Economists say U.S. consumers’ appetite for spending has made foreign investment necessary to finance the deficit in the U.S. current account.
The comments on both sides of the Atlantic seemed to be intended to underline contrasting positions on the response to the financial crisis.
Mr. Bush used his televised address to try to rally support for a $700 billion rescue aimed at getting banks to start lending again. The Bush administration has urged European and Asian policymakers to follow with similar measures, a call that leaders elsewhere have generally rebuffed.
Mr. Steinbrück reaffirmed Berlin’s opposition to any large-scale bailout of the financial system in Germany and across Europe, saying any intervention should be aimed at deal with specific problems. Germany has stepped in to help certain banks affected by the credit crisis, like IKB Deutsche Industriebank.
He said the German financial system had weathered the storm better in part because it is anchored by universal banks like Deutsche Bank, with operations that span everything from consumer lending to investment banking.

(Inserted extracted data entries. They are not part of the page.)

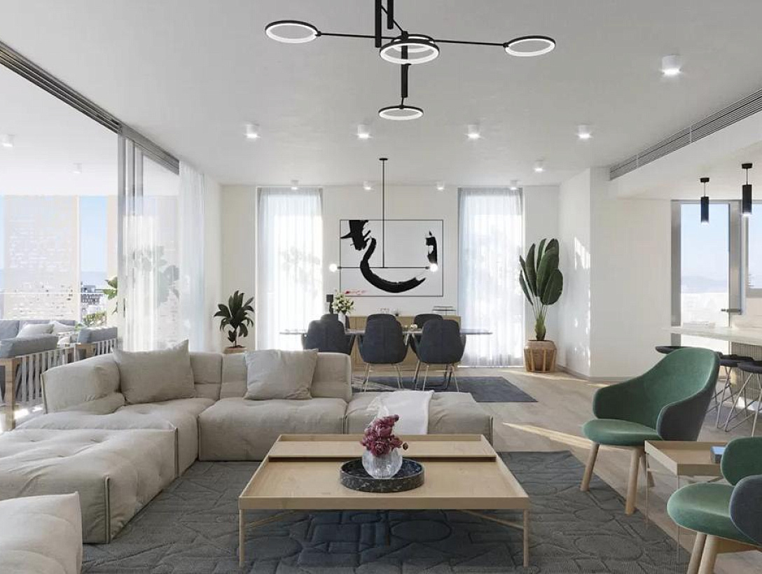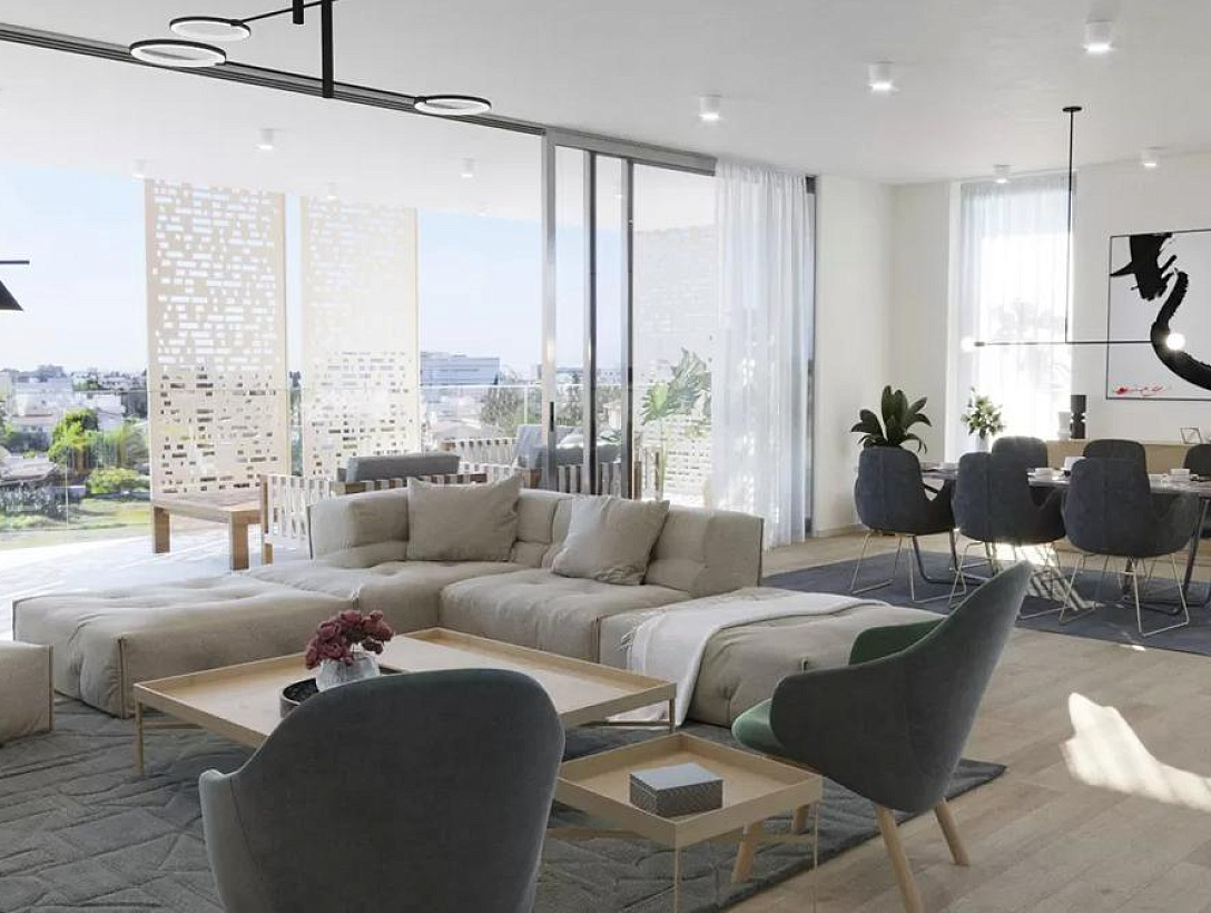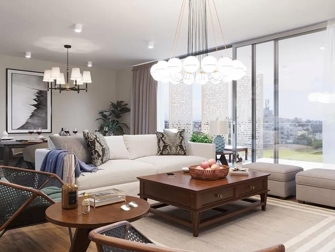 Apartment is for sale in a new ready-made complex in the most exclusive residential area of Engomi, Nicosia. The building is distinguished by high-quality materials and is located next to a pedestrian road and a green area.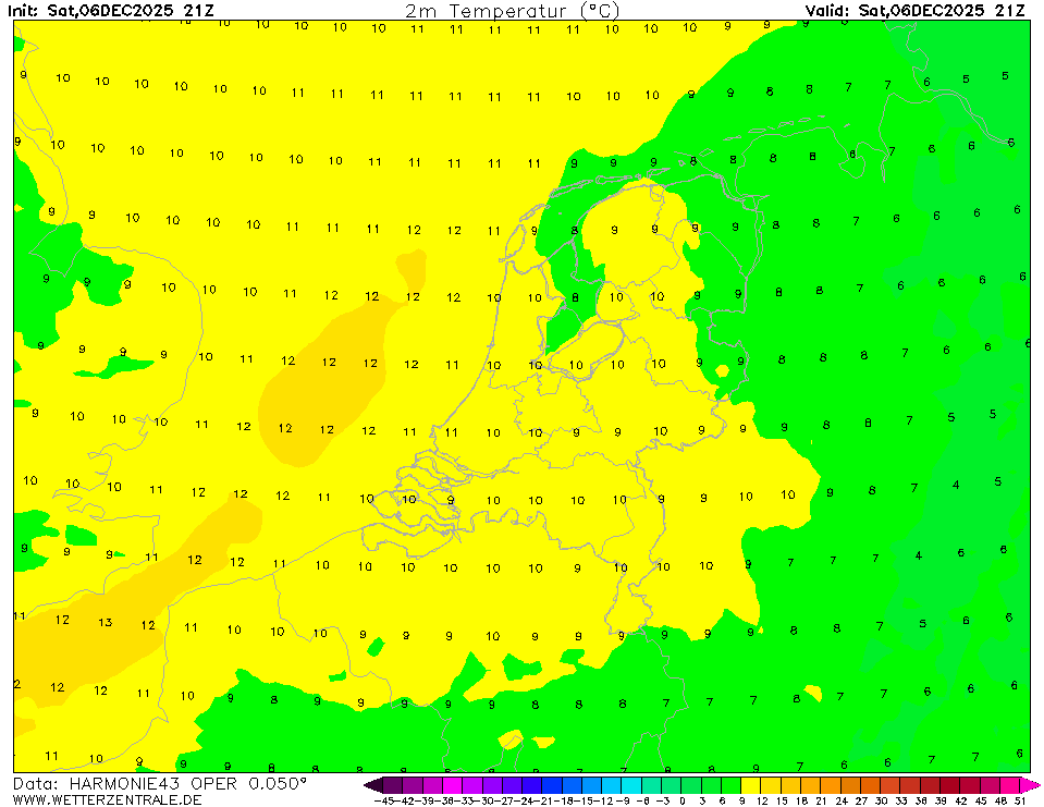 HARMONIE (KNMI-NL)The selected variable and region is available, but not for 2025-11-12, 21:00. You will switch back to the first available time step. HARMONIE is developed in a european consortium and this is the output provided by the KNMI at the supercomputing facilities in Iceland. The output from Cy43 is available at a grid spacing of 0.029 degree. These data are the raw data provided by the KNMI. The model is reinitialized every hour and run up to 60 hrs ahead.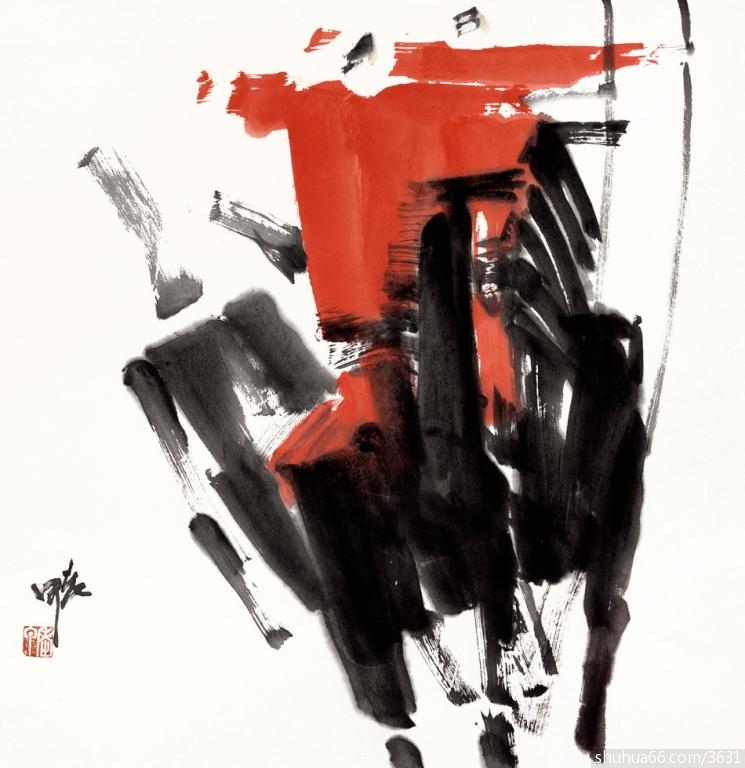 有一年,他由宁波坐船到舟山。中途起风,白浪滔天。海浪拨弄着船只,叫你倾斜,叫你颠簸,叫你险象丛生。后来他一直 想画这个场景。画浪?画漩涡?画要沉的船?可是所有这一切都有人画过。所有这一切,加起来只能让人看到:这艘船要沉了。他终于画出一幅6.7x6.7的《孤帆入 画面偏左下方,有一笔勾 出的船帆顶部,倾斜的。帆的右上方,有一个小黑点一般的小鸟。 画面左上角有一小方自然比帆更小的印章。一帆一乌一章,这个 "三点式"构成一种力的均衡。再加任何都会破坏这种均衡。这一 方白纸上的一帆一乌,随你想到这倾斜的船是在浪里行还是在雾 中航?人在这白茫茫不可测的世界里,弄不好就会翻船。船翻了, 或许小鸟知道,小乌心焦。但是它无力救你。人生一旦沉沦,别人救你就难了。世界苍苍茫茫,一个人沉沦了,一只船沉没了,就 被浪呵雾呵遮掩了。世界依然苍苍茫茫。
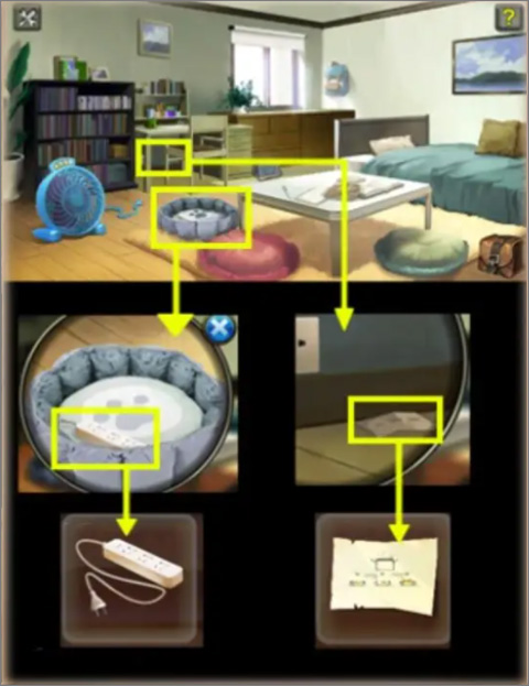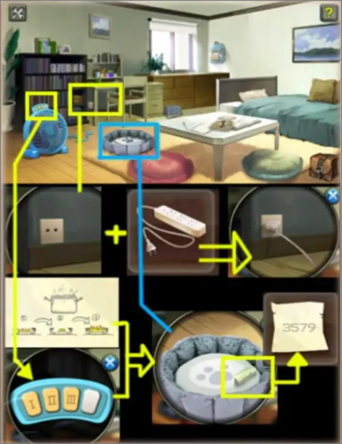 2、看到那个电风扇了吧,对着它上面点。按照刚拿到那张纸条的提示,挨个点2档、1档、3档。风扇里藏的另一张纸条就会被吹到狗窝里。回去狗窝再点一下,拿到新纸条,看看到底写了啥。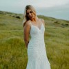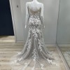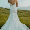 Lace and tulle fit and flare wedding gown with spaghetti straps and low back.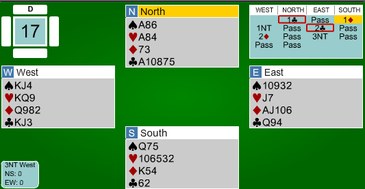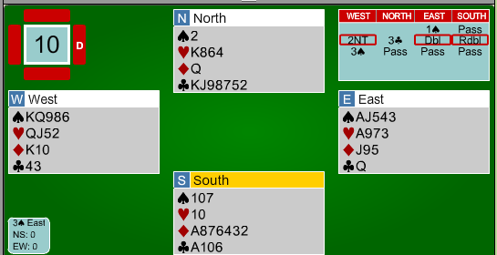Hva de ulike meldingene betydde, har jeg ingen anelse om, og sluttkontrakten tyder på at nord-syd heller ikke hadde det. Trøsten for være at de var utenfor sonen og at slemmen i deres beste tilpasning (både ruter og spar) var helt død slik det satt.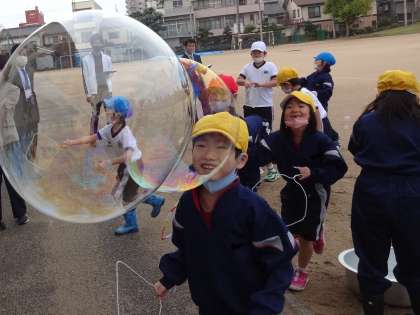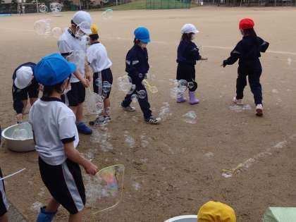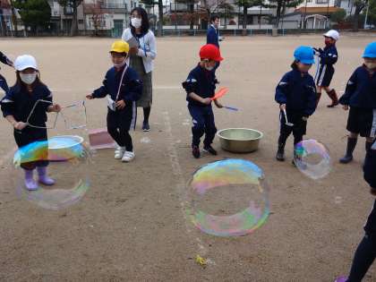 大きい、まんまるい、長い、雪だるま型など、作りたいしゃぼん玉は、一人一人違います。楽しい時間は、あっという間に過ぎ去りました。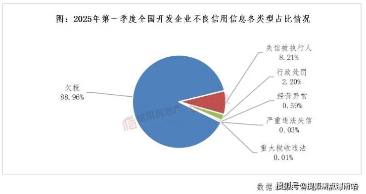 报告显示,房地产信用平台2025年一季度共收录全国房地产开发企业各类不良信用信息共计64513条,同比2024年第一季度减少27.55%,环比2024年第四季度减少28.75%。其中,欠税案例占比最高,达到全部不良信用信息的88.96%,共有57390条案例;其次是失信被执行人,共有5296条案例,占比达到8.21%。此两种失信类型构成了房地产开发企业不良信用信息的绝对“主力”,二者合计占比高达97.17%。不过,需要说明的是,欠税信息的变动,与相关部门的披露时间、查处及追溯力度有一定关系。

On Wall Street, the last two big independent investment banks, Goldman Sachs and Morgan Stanley, have taken steps to move toward such a model as the crisis deepened with the collapse of one of their smaller rivals, Lehman Brothers.
Mr. Steinbrück said that as a result of the crisis, European banks would play a greater role in the world financial system, along with sovereign wealth funds based in Asia and the Middle East. He also called for greater regulation of the financial system, as President Nicolas Sarkozy of France did earlier this week.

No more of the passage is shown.